══ Extracted material ══
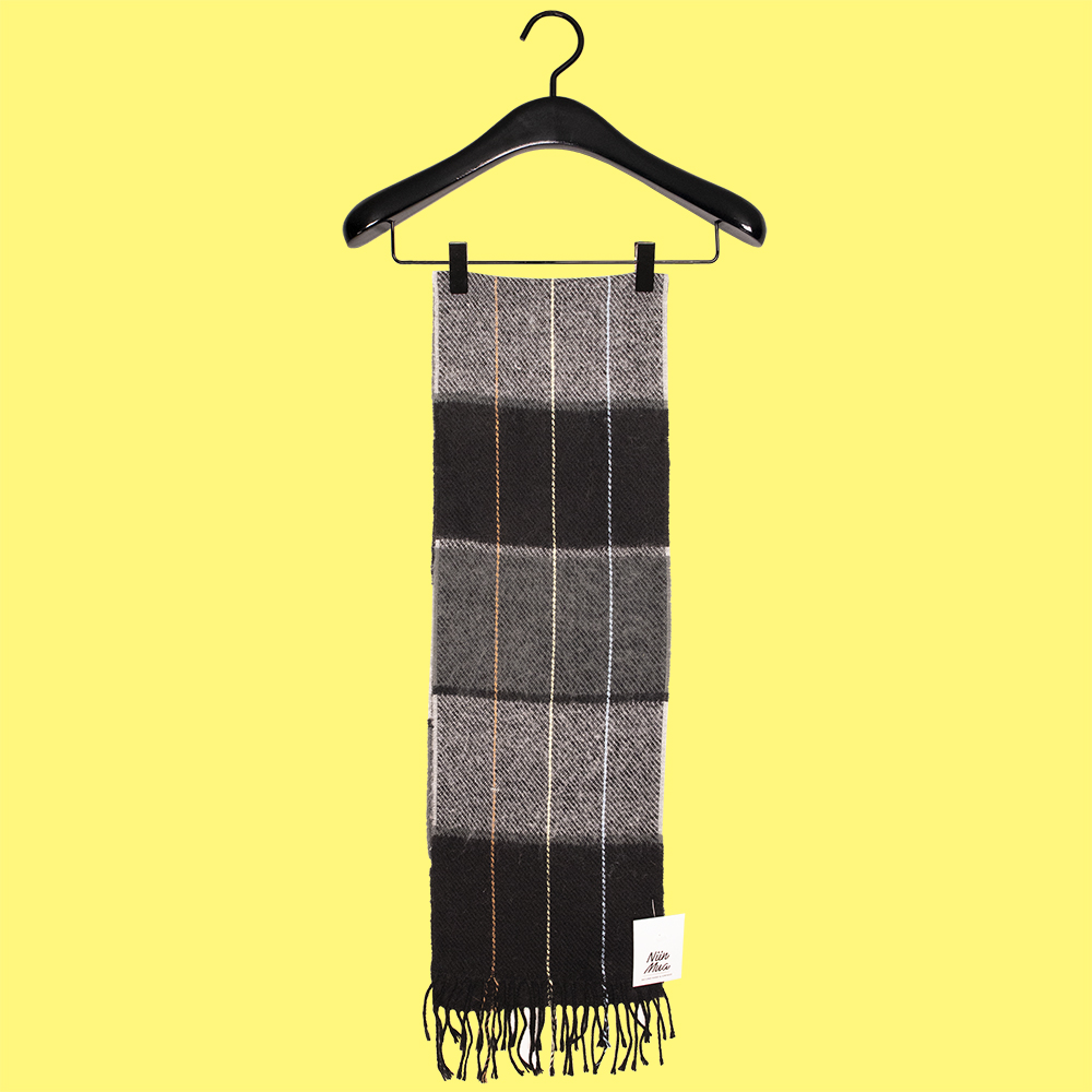Lämmin ja ajaton, ruudullinen kaulaliina. Ei valmistaja-/valmistusmaatietoa. Pehmeää ja lämmintä akryyliä, jossa ajaton ruutu- ja viivakuosi. Akryyliä tunnun ja ulkonäön perusteella, ei materiaalitietoa. Ruutukuosin sävyinä musta, harmaa ja valkoinen. Viivojen sävyinä persikka, vaaleankeltainen ja vaaleansininen. Ajaton kaitamalli hapsuilla. Pinta hieman huopaantunut, muutoin hyväkuntoinen, ajaton ja lämmin kaulaliina talvikauteen!
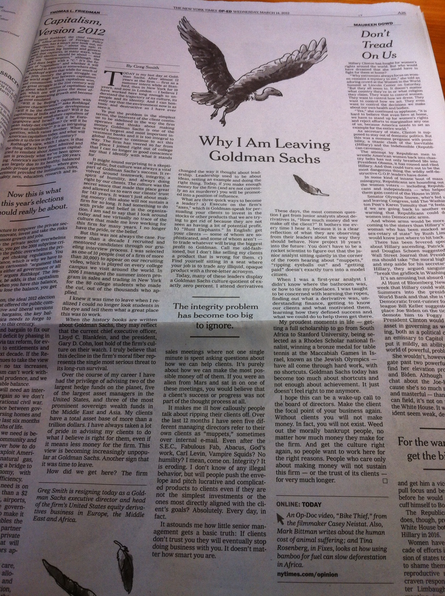3월 14일자 뉴욕타임즈에 월스트리트와 미국언론을 뒤흔든 화제의 칼럼 하나가 실렸다. 골드만삭스를 오늘을 마지막으로 떠나는 그레그 스미스란 런던주재 Executive Director의 “Why I Am Leaving Goldman Sachs” 뉴욕타임즈의 오피니언란을 멋진 삽화와 함께 가득채운 비중있는 칼럼이었다. 뉴욕타임즈가 작정하고 실은 것 같은 느낌이 드는.
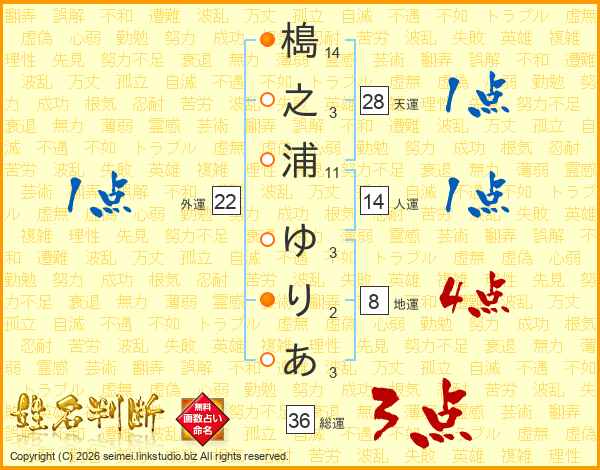 槝(14画)之(3画)浦(11画) ゆ(3画)り(2画)あ(3画)
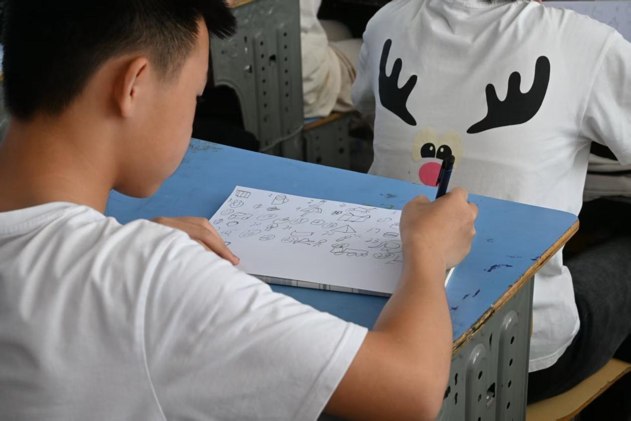 紧接着进行的“我画我猜”游戏更是将活动气氛推向高潮。唐单倩老师在两分钟内接连报出30种物品的名字,同学们则发挥想象力,在A4纸上将这些物品画出并标好序号。随后,唐单倩和邹烨老师随机报出物品序号,大家纷纷睁大眼睛,竖起耳朵,比拼谁能最先准确说出物品名字。有的同学画得形象生动,一眼就能被认出;有的同学则用抽象的笔触展现物品特征,考验着大家的联想能力。每当有人抢答成功,教室里便会爆发出热烈的掌声,欢声笑语此起彼伏。
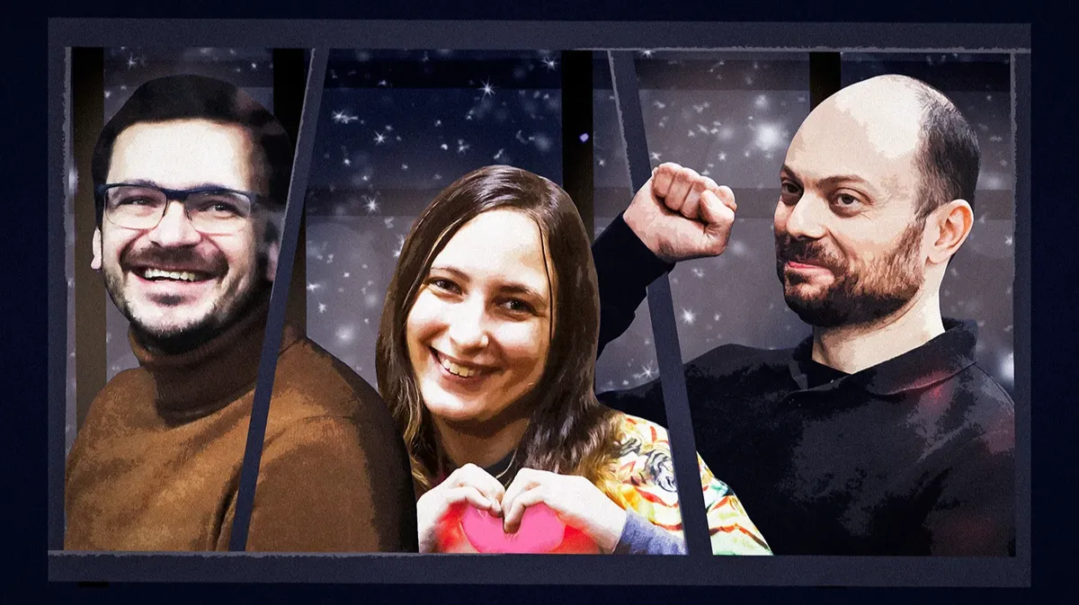 Политзеки 2023 года — Саша Скочиленко, Илья Яшин и Владимир Кара-Мурза — поздравляют читателей «Новой газеты Европа» с наступающим 2024-м.
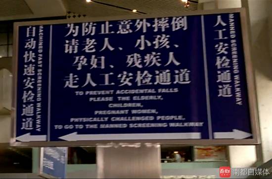 在过安检前会有一个告示牌,“为防止意外摔倒,老弱病残孕请走人工安检通道”,没有任何电离辐射的警示。车站工作人员也会引导孕妇和抱小孩的旅客走人工安检。(图片来自知乎网友 丧钟为我而鸣。)
═══
▶ [Exercise objective]: Print an exact copy of the lines above, from the one containing "3월 14일자 뉴욕타임즈에" through the one containing "槝(14画)之(3画)浦(11画) ゆ(3画)り(2画)あ(3画)", and leave out the pictures.

▶ [Response to the exercise]:
3월 14일자 뉴욕타임즈에 월스트리트와 미국언론을 뒤흔든 화제의 칼럼 하나가 실렸다. 골드만삭스를 오늘을 마지막으로 떠나는 그레그 스미스란 런던주재 Executive Director의 “Why I Am Leaving Goldman Sachs” 뉴욕타임즈의 오피니언란을 멋진 삽화와 함께 가득채운 비중있는 칼럼이었다. 뉴욕타임즈가 작정하고 실은 것 같은 느낌이 드는.
 槝(14画)之(3画)浦(11画) ゆ(3画)り(2画)あ(3画)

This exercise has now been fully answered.